Thrombin Generation Measurements

The calibrated automated thrombogram (CAT) method (Diagnostica Stago, Asnieres sur Seine, France) was used to measure thrombin generation in PRP and PPP using 96-well plates.[25] Briefly, per well 80 µL plasma was added to 20 µL of trigger consisting of sulfatides (1 µmol/L, f.c.) or TF (0.5 pmol/L, f.c.). In the case of PPP, 4 µmol/L (f.c.) phospholipid vesicles were added to the trigger medium. Thrombin generation was started by adding 20 µL of ZGGR-AMC (416 nmol/L) and CaCl₂ (16.7 mmol/L), and fluorescence accumulation was followed continuously in time.

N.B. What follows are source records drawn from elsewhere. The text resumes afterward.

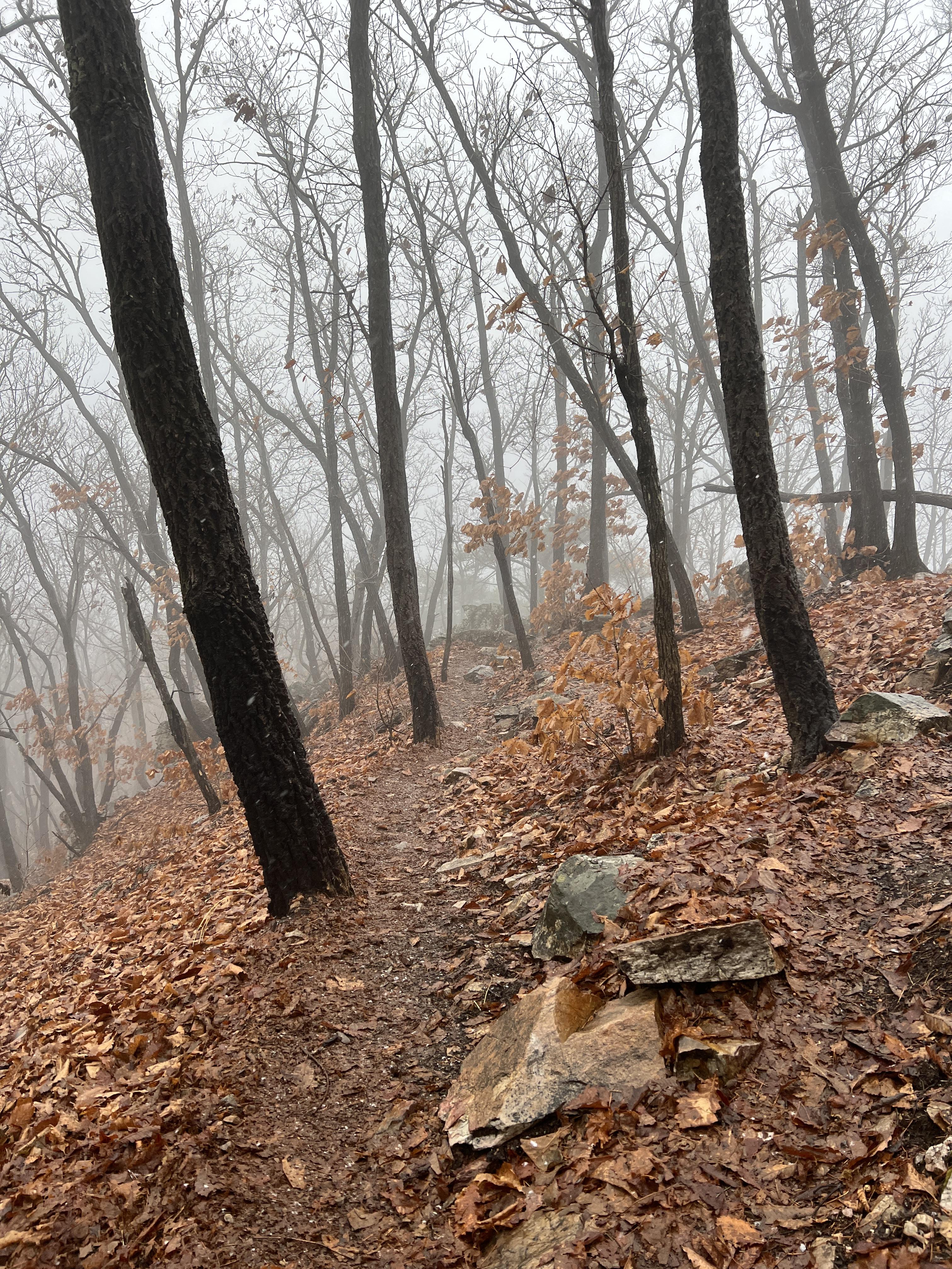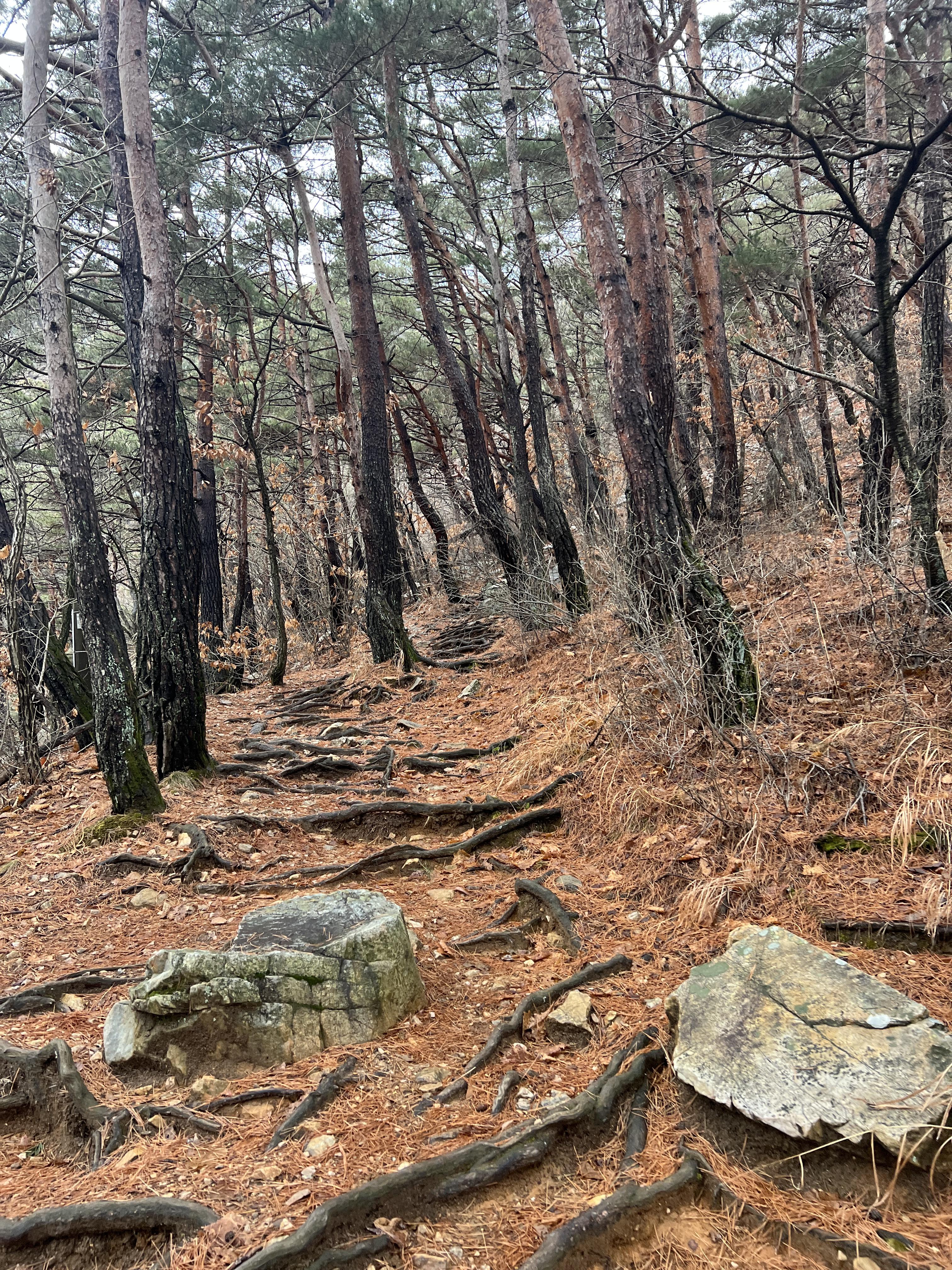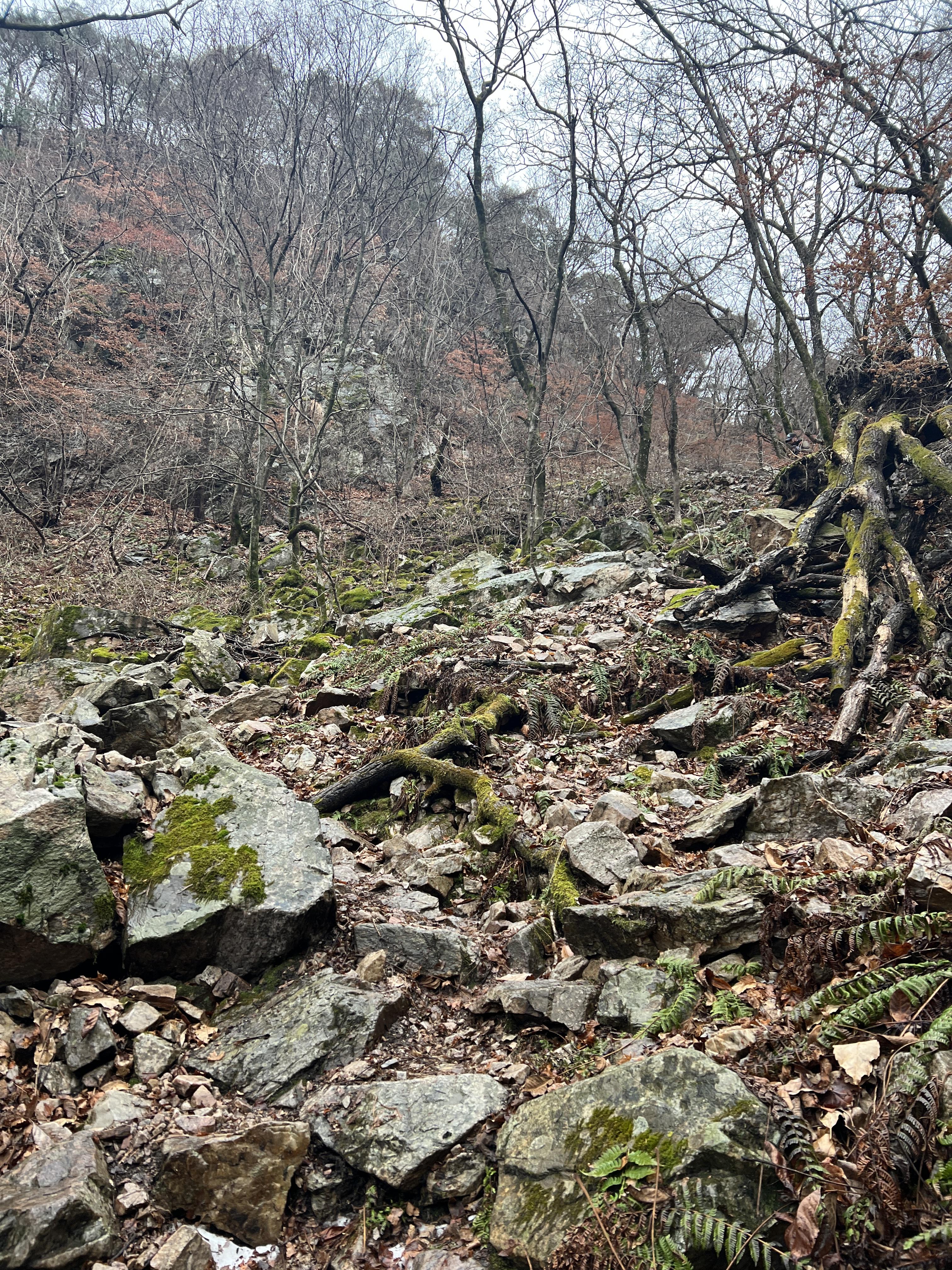 🔺계속해서 암릉 구간이 나오며 위로 진행할 수록 멋진 뷰가 펼쳐집니다. 아쉽게도 제가 등산한 날에는 비가 내리다가 눈으로 바뀌어서 날이 좀 흐렸습니다. 봄과 가을에 방문하면 전반적으로 산이 습해서 운해를 자주 목격할 수 있는 산이기도 합니다.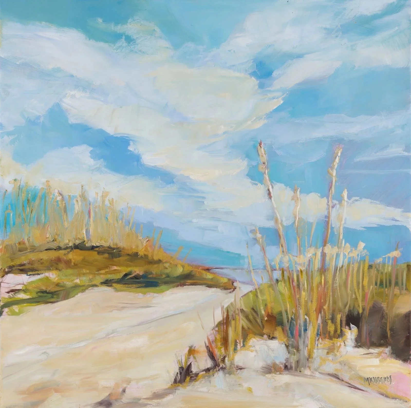 Between the Wind and Water 36x36 oil on canvasThe Long Afternoon 30x30 oil on canvasEdge of Quiet Water 40x40 oil on canvasCloud Whispers Along the Shore 30x30 oil on canvas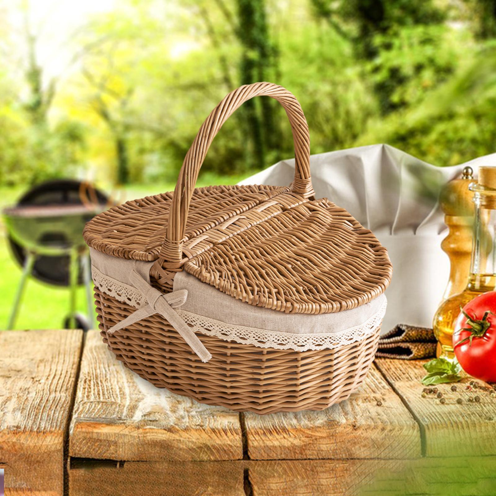 Picknickkorg i flätverk med lock och handtag, robust vävd kropp med tvättbart foder för påsk, mors dag, utomhuscamping

Platelet concentration in PRP was adjusted to 150 × 10⁹/L.

Where described, plasmas were supplemented with purified FXI (6 pmol in 200 µL) or FXII (75 pmol in 200 µL) on top of the residual level of FXI or FXII present in the plasma. To all plasma samples, the same amount of FXI or FXII, respectively, was added leading to an increase of the endogenous concentration with 100 IU/dL.

From the thrombogram curves, the following parameters were obtained: lagtime (min), endogenous thrombin potential (ETP, nmol/L min⁻¹), thrombin peak height (nmol/L), time-to-peak (min), and the velocity index (VI, nmol/L min⁻¹, equaling the thrombin peak height/[time to peak minus lagtime]).

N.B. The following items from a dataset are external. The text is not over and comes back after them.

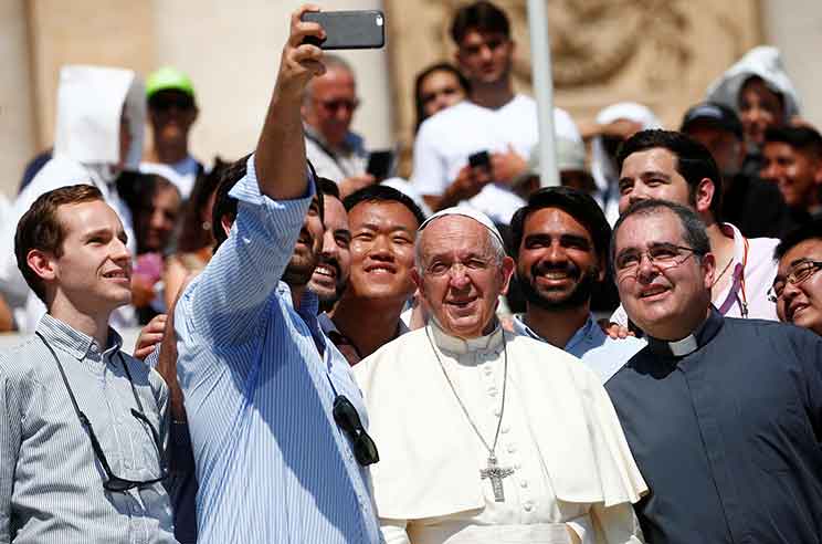 A man takes a selfie with Pope Francis and other pilgrims during his general audience in St. Peter’s Square at the Vatican. (CNS photo/Yara Nardi, Reuters)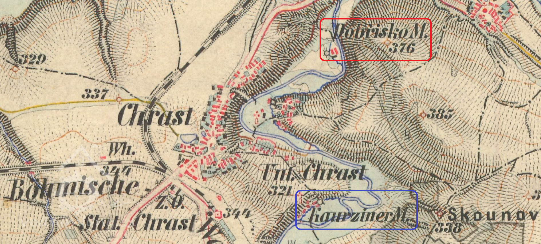 Nejstrší chrástecký mlýn, zmíněn údajně již k roku 1422. V r. 1680 mlynář Vít Kouřim byl majitelem 6 let, po něm mlynářský rod Hříchů. Vdova po mlynáři Dominiku Čechurovi se provdala v r. 1866 za mlynáře Josefa Váchu z Mlečic. V r. 1878 vydražil František Martínek tento mlýn za 12.900 zlatých.
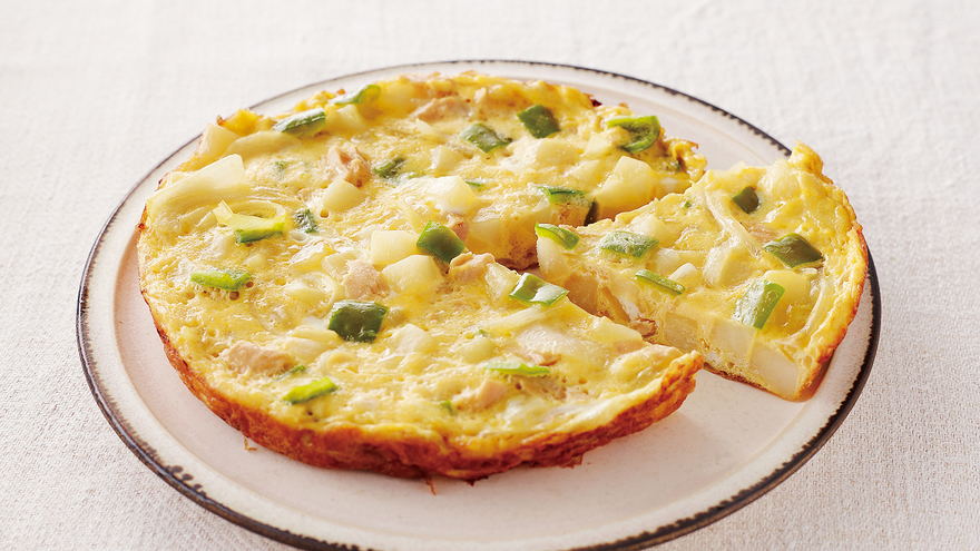 返さず焼き上げる簡単オムレツ。火の通りにくい野菜から順に炒め、卵を流して仕上げます。ツナの代わりに、ハムやベーコンでも。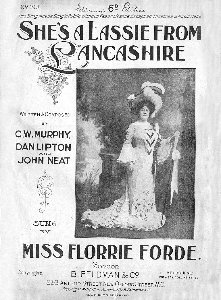 Florrie Forde’s immortal She’s A Lassie From Lancashire (1907), which Fred Godfrey claimed he wrote. Godfrey and Neat collaborated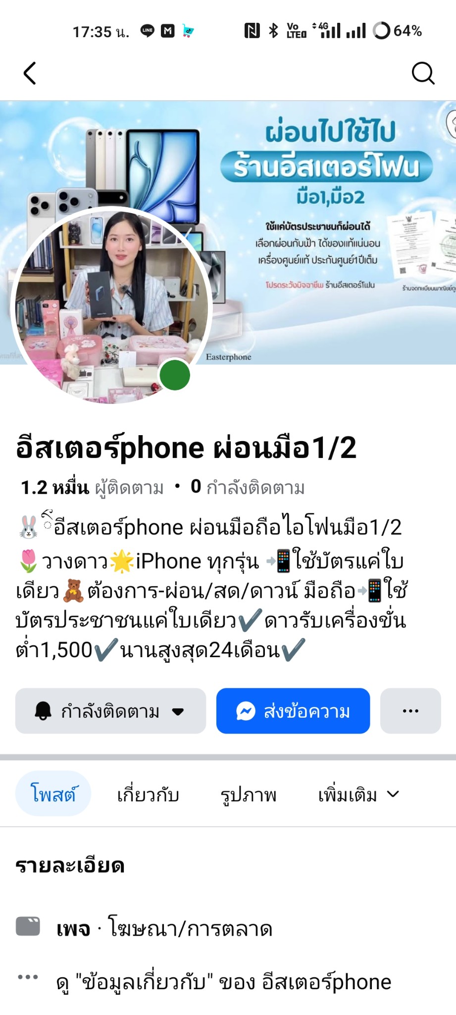 สอบถามเครดิตร้าน อีสเตอร์phone ในfacebook , ครับ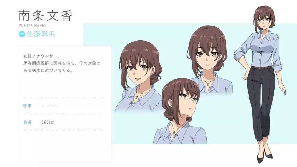 《青春期笨蛋不做兔女郎学姐的梦》的故事讲述了思春期症候群是一种多感、不安定、且只会发生在青春期的不可思议的症状。比如在梓川咲太面前出现了野生的兔女郎,她的真正面目是已经引退两年的女演员、目前就读高三的樱岛麻衣前辈。不知为何周围的人对她那充满了诱惑力的姿态不为所动。为了解开这个迷的咲太在与麻衣相处的过程中逐渐得知了她不为人知的想法,而咲太身边也陆续开始出现各种同样有“思春期症候群”的女生。在昨天公开的第2弹PV中可以看到多位角色登场,同时还官方公开了三位追加角色的配音声优和人设,下面就让我们来看看吧。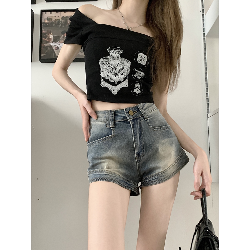 回頭率爆表!牛仔短褲 高腰牛仔褲 辣妹短裤 y2k褲子 梨形身材 顯瘦短褲 短牛仔褲 彈性短褲 防走光 夏天短褲 褲子女水洗復古藍,S|水洗復古藍,M|水洗復古藍,LShortsCHAOO 台北原創服飾品牌

Whole Blood Thromboelastometry

Thrombus elasticity parameters were determined by ROTEM (TEM International, Munich, Germany) to assess the build-up and lysis of a platelet–fibrin clot in whole blood. Measurements were performed at 37 °C using 300 μL citrate-anticoagulated blood, which was triggered with 4 μmol/L sulfatides (f.c.) and 16 mmol/L CaCl₂ (intrinsic activation). Alternatively, the extrinsic pathway was triggered with 15 pmol/L TF and 16 mmol/L CaCl₂ (CTI-containing blood). To measure clot lysis, tPA (125 ng/mL, f.c.) was added to the intrinsic or extrinsic reagent.[26] Final concentrations of sulfatides, TF, and tPA were as optimized from prior dose–response curves. Where indicated, purified FXI or FXII was added to prewarmed blood samples, immediately before testing.

Where indicated, purified FXI (5.3 pmol in 340 µL) or FXII (65 pmol in 340 µL) was added to prewarmed blood samples, immediately before testing. To all blood samples, the same amount of FXI or FXII was added, regardless of the residual level present in whole blood. Assuming a 50% hematocrit, the supplemented amount of FXI or FXII resulted in an increase of the endogenous concentration with 100 IU/dL.

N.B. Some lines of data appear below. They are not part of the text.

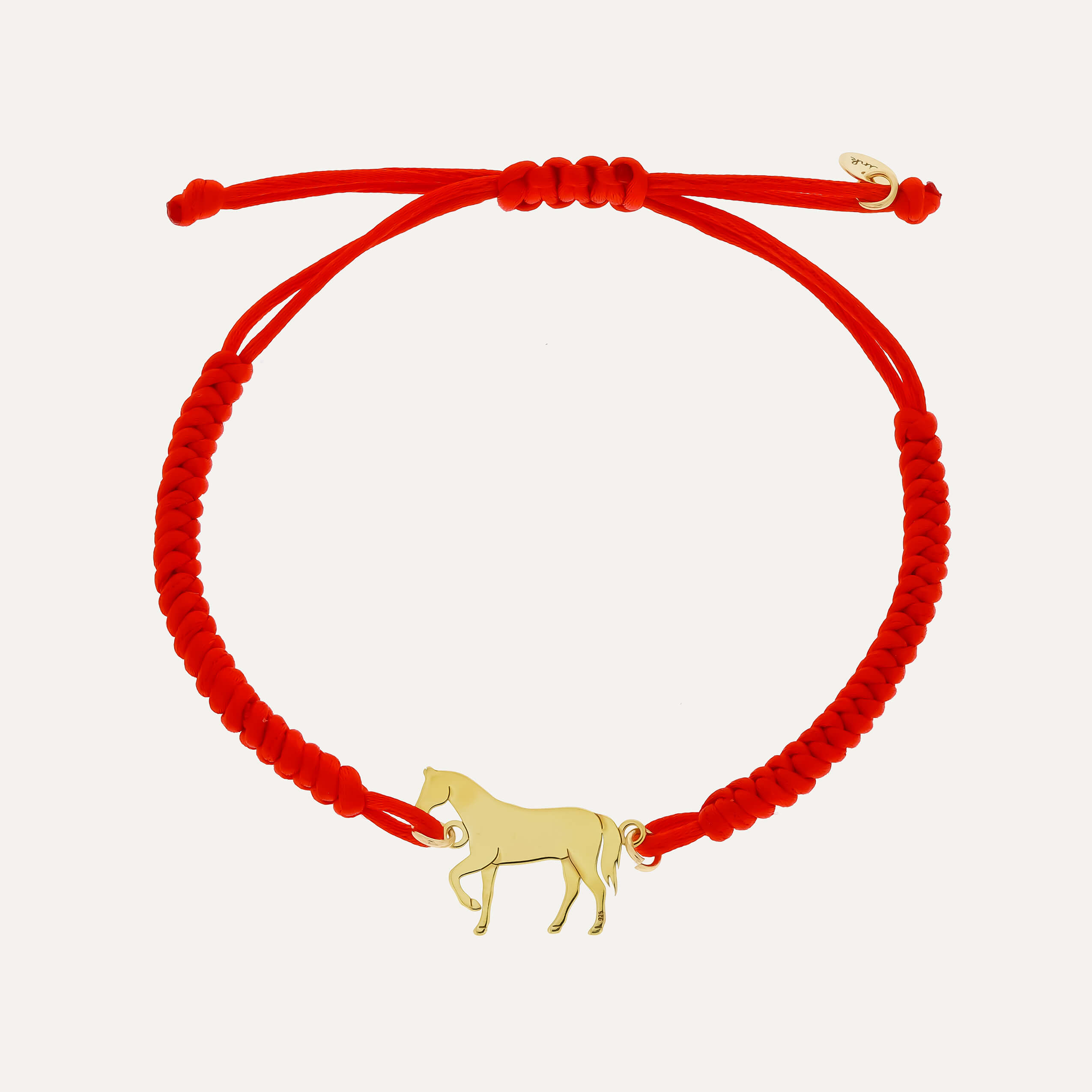 Gruby czerwony sznurek nadaje całości wyrazistego charakteru, a zawieszka w kształcie konia wykonana z pozłacanego srebra próby 925 podkreśla szlachetność i trwałość produktu. To nie jest biżuteria stylizowana – to pełnoprawny wyrób jubilerski.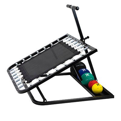 The CanDo Square Ball Rebounder, which has a built-in rack, is ideal for physical therapy, rehabilitation and training sessions to improve strength, reflexes and coordination. The rebounder and balls are a fun way to improve conditioning, hand-eye coordination and lateral movements. The rebounding area is a generous 39" (diagonally) attached by springs to a 39.5" x 39.5" frame that tops out at less than 4.5' tall. The angle of inclination adjusts from 0- 42 degrees, making this the perfect athletic trainer. The weighted physical therapy balls are versatile as well. With a partner to throw with, the rebounder isn't even needed. With rounded corners and a foam-covered handle, the rebounder is safe for all home and multi-use environments.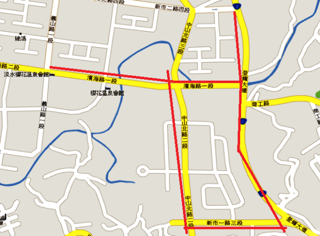 ↑↑↑目前淡海新市鎮較有發展的區域,為紅線路段。(2012/8)

Evaluated parameters derived from thromboelasticity curves were: clotting time (CT), α-angle (rate of clot formation), and maximal clot firmness (MCF).[27] The clot lysis time (CLT 50%) was calculated as the interval from 50% clot formation to 50% clot lysis. Decay curve parameters further provided information on fibrinolysis at a later stage: the difference between lysis-onset time (LOT at 15% reduction of MCF) and lysis time (LT at 90% reduction of MCF); fibrinolysis rate (FR) was defined as 75%/(LT − LOT), which represents the curve decline in % per minute.

Flow Experiments with Whole Blood

Tendency of thrombus formation was determined by perfusion of recalcified citrated whole blood over a coated glass coverslip using the parallel-plate Maastricht chamber (dimensions flow channel: width 3 mm, depth 50 μm, length 300 mm).[28] Glass coverslips were coated with microspots of collagen type I (applied at 50 µg/mL) with or without 10 pg applied recombinant TF, and used for flow perfusion assays, as described.[29] Blood samples were prelabeled with DiOC₆ (0.5 μg/mL, f.c., stains mitochondria, vesicle membranes and endoplasmic reticulum of platelets and other cells), the phosphatidylserine probe Alexa Fluor (AF)568-annexin A5 (1:200), and the fibrin precursor (AF)647-fibrinogen (16.5 μg/mL, f.c.). The samples were co-infused with 10 vol% coagulation medium (Hepes buffer pH 7.45 supplemented with 32 mmol/L MgCl₂ and 63 mmol/L CaCl₂), using two pulse-free pumps. This resulted in physiological (mmol/L) concentrations of free Ca²⁺ and Mg²⁺. Wall-shear rate at the microspots was 1,000 s⁻¹. Where indicated, purified FXI (5.2 pmol in 1000 µL) was added to blood samples, immediately before testing. To all blood samples, the same amount of FXI was added, regardless of the residual level present in whole blood. Assuming a 50% hematocrit, the supplemented amount of FXI or FXII resulted in an increase of the endogenous concentration with 33 IU/dL.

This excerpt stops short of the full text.